Andy – I appreciate your response to Ms. Madeloni’s comments on charter schools. In my community, this is a common criticism of charter schools, which quite frankly I do not understand, and your comments highlight why. There are very real issues that we need to discuss regarding charters – enrollment and special education services in particular – but the “greater good” is not one of them.
Exactly! There are a bunch of serious conversations to be had, but instead this.
The Hamilton Project paper asserting successes under NCLB that need to be extended under ESSA is easily disputed. “Under NCLB, test scores and graduation rates improved, especially for children who had been low-achieving”: not really, on tests that aren’t constantly being prepped for, such as those of PISA; and graduation rates had long been improving before NCLB, and increased in many other countries as well, so to attribute that improvement to NCLB is not valid (an alternative explanation is the growing realization that options for early school leavers around the world have steadily disappeared). In addition, the opportunity costs associated with continuing with this mediocre improvement strategy are not being accounted for; so American families will continue to be well advised to opt out of out-of-date state schools whenever possible, and to demand education savings accounts to increase their options, while feeding as little money to an unreformed established blob as possible.

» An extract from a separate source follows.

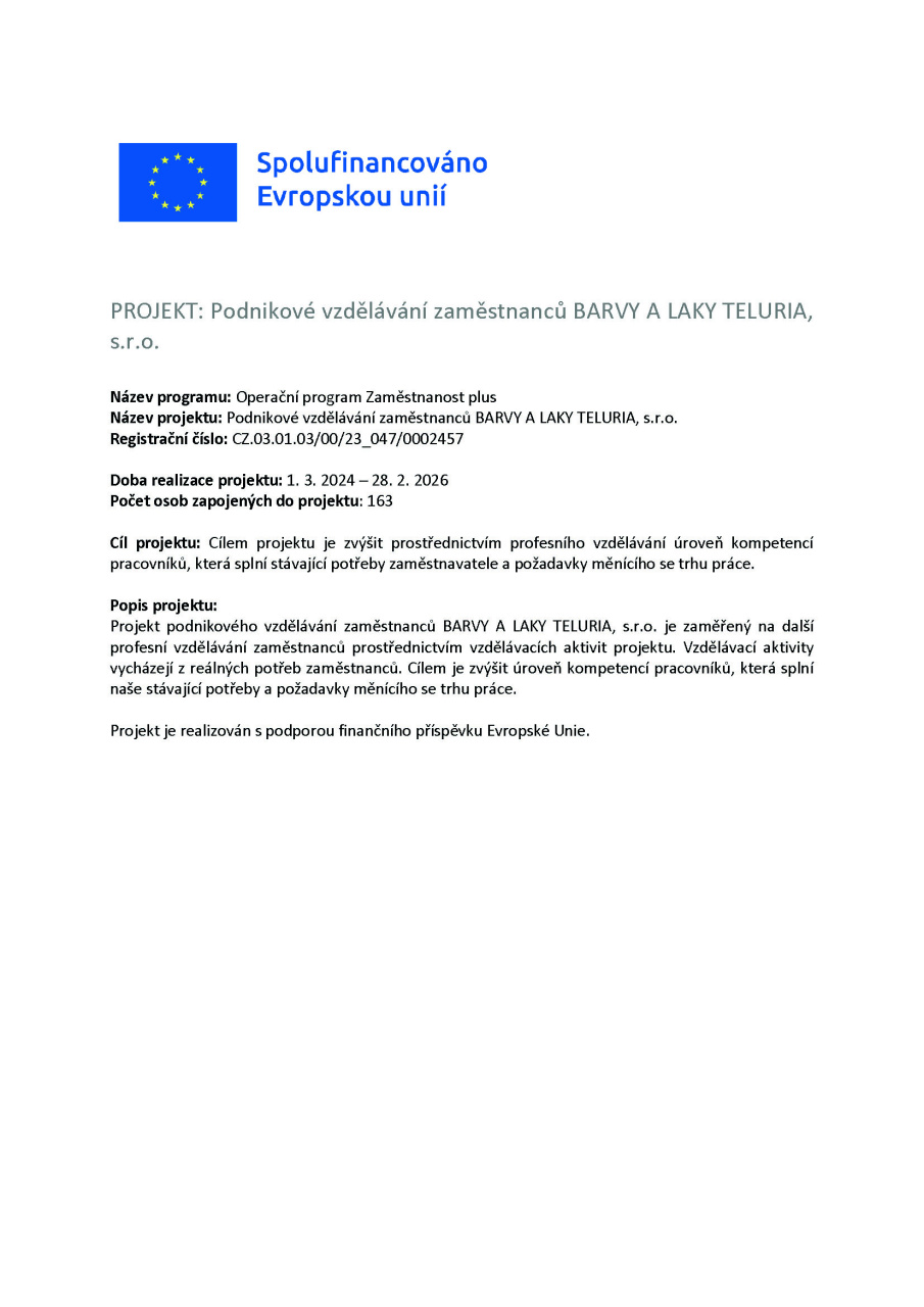 Podnikové vzdělávání zaměstnanců BARVY A LAKY TELURIA, s.r.o.

Sometimes a situation is much better understood if it is examined at a personal, or local level. Let’s take charter schools. This is how I see it:
The public school across the street from me is supported by taxpayers, who pay quite a lot each year. In return, the school is “owned” by the community who are welcome to participate in its governance, whether or not they have children at the school. This means they can visit the school, attend board meetings, complain about something they don’t like and vote for board members. If they suddenly have a child to take care of, they can enroll that child in the school and be assured that the child will be accepted. No waiting lists.
Now if the school becomes a charter, an individual or corporation becomes the manager of that school and becomes autonomous. The only involvement the community now has is to continue to pay taxes. If they have a child, that child could be excluded for various reasons. Taxpayers now have no role except to keep paying.

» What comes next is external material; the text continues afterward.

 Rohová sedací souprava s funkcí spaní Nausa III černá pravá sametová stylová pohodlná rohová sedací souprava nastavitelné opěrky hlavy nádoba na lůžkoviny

I am just speaking for myself, but I’d like to know how such a thing came about? Who voted for this hustle? Not I. (Wouldn’t we all like to start a business and have the taxpayers foot the bill, with little or no oversight?)
That said, it is true that all parents should have choices. More and more states are allowing parents to cross district borders, but if that’s not possible, then the magnet school is ideal for offering parents what they want. There are various ways to offer options for parents, but tax supported schools MUST remain under the jurisdiction of the people who pay for them.
As for the individual who wants his own school with complete autonomy, there is a solution for that as well. He or she should raise his own money and open his own school and make his own rules. That is called a private school.
A public school belongs to the people and must remain with them. Yes, there is a greater good and that is called democracy.